To ask questions can become the laziest and wobbliest occupation of a
mind, but when you must yourself answer the problem that you have posed,
you will meditate your question with care and frame it with precision.
Fionn's mind learned to jump in a bumpier field than that in which he
had chased rabbits. And when he had asked his question, and given his
own answer to it, Finegas would take the matter up and make clear to him
where the query was badly formed or at what point the answer had begun
to go astray, so that Fionn came to understand by what successions a
good question grows at last to a good answer.
One day, not long after the conversation told of, Finegas came to the
place where Fionn was. The poet had a shallow osier basket on his arm,
and on his face there was a look that was at once triumphant and gloomy.
He was excited certainly, but he was sad also, and as he stood gazing on
Fionn his eyes were so kind that the boy was touched, and they were yet
so melancholy that it almost made Fionn weep. "What is it, my master?"
said the alarmed boy.
The poet placed his osier basket on the grass.
"Look in the basket, dear son," he said. Fionn looked.
"There is a salmon in the basket."
"It is The Salmon," said Finegas with a great sigh. Fionn leaped for
delight.
"I am glad for you, master," he cried. "Indeed I am glad for you."
"And I am glad, my dear soul," the master rejoined.
But, having said it, he bent his brow to his hand and for a long time he
was silent and gathered into himself.
"What should be done now?" Fionn demanded, as he stared on the beautiful
fish.
Finegas rose from where he sat by the osier basket.
"I will be back in a short time," he said heavily. "While I am away you
may roast the salmon, so that it will be ready against my return."
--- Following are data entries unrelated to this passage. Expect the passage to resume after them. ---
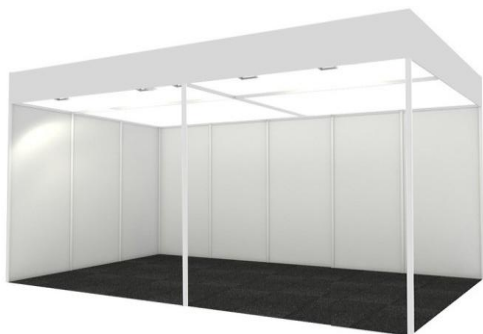
Simulación de stand modular 5x3 sin probador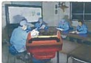
緊急時事務所の照明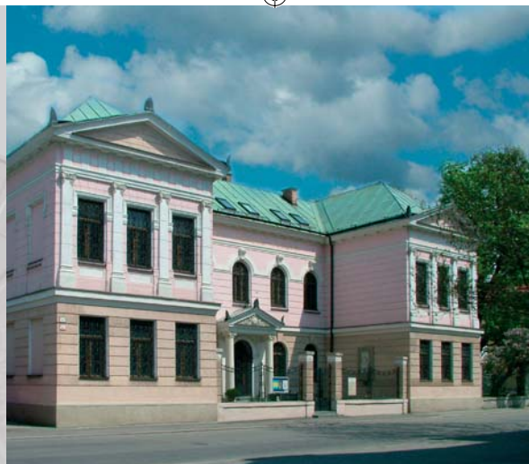
Múzeum Andreja Kmeťa v Martine

Andrejovi Kmeťovi patrí popredné miesto ako zakladateľovi Slovenského národného múzea, ako aj myšlienkovému tvorcovi a iniciátorovi založenia Muzeálnej slovenskej spoločnosti (1893), ktorej hlavným programom bola záchrana pamiatok národnej minulosti. Ako prvý a doživotný predseda spoločnosti naplňal jej vlastivedný zberateľsko-muzeálny program. Jeho rozsiahle zbierky archeológie, ľudovej kultúry, histórie, živej aj neživej prírody sa stali základom zbierok prvého národného múzea Slovákov. Jeho zásluhou boli položené v Turčianskom Sv. Martine základy prvej účelovej budovy Slovenského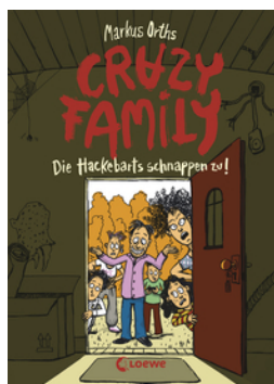
Crazy Family (Band 2) - Die Hackebarts schnappen zu!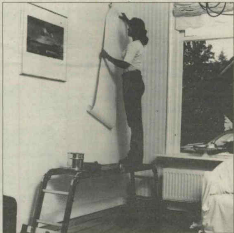
De Varitrex Indoor van Altex is handig als u gaat behangen. U heeft beide handen

der vormen met een maximale lengte van 1,40 meter. Als enkelvoudige rechte ladder reikt de Varitrex Indoor zelfs ver genoeg om tot 4 meter hoog te kunnen werken. Met het los bijgeleverde tweedelige platform is de ladder bovendien in een handomdraai weer omgevormd tot een stevige steiger met een stahoogte van 60 cm. Dat is handig als u het plafond wilt sauzen of gaat behangen. Bijvoorbeeld met de behangstrook in de handen kunt u precies de uiteinden in de hoek tussen muur en plafond plakken. Maar de Varitrex Indoor is ook heel goed in een trapgat te gebruiken. U staat dan tóch stevig en u kunt zo stabiel en heel veilig klussen.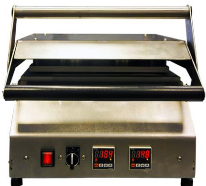
On Seal Manual

Επιτραπέζιες Θερμοσυγκολλητικές Μηχανές με Περιμετρική Κοπή Φιλμ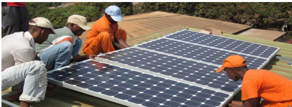
Position des panneaux photovoltaïques

"I will roast it indeed," said Fionn.
The poet gazed long and earnestly on him.
"You will not eat any of my salmon while I am away?" he asked.
"I will not eat the littlest piece," said Fionn.
"I am sure you will not," the other murmured, as he turned and walked
slowly across the grass and behind the sheltering bushes on the ridge.
Fionn cooked the salmon. It was beautiful and tempting and savoury as
it smoked on a wooden platter among cool green leaves; and it looked all
these to Finegas when he came from behind the fringing bushes and sat
in the grass outside his door. He gazed on the fish with more than his
eyes. He looked on it with his heart, with his soul in his eyes, and
when he turned to look on Fionn the boy did not know whether the love
that was in his eyes was for the fish or for himself. Yet he did know
that a great moment had arrived for the poet.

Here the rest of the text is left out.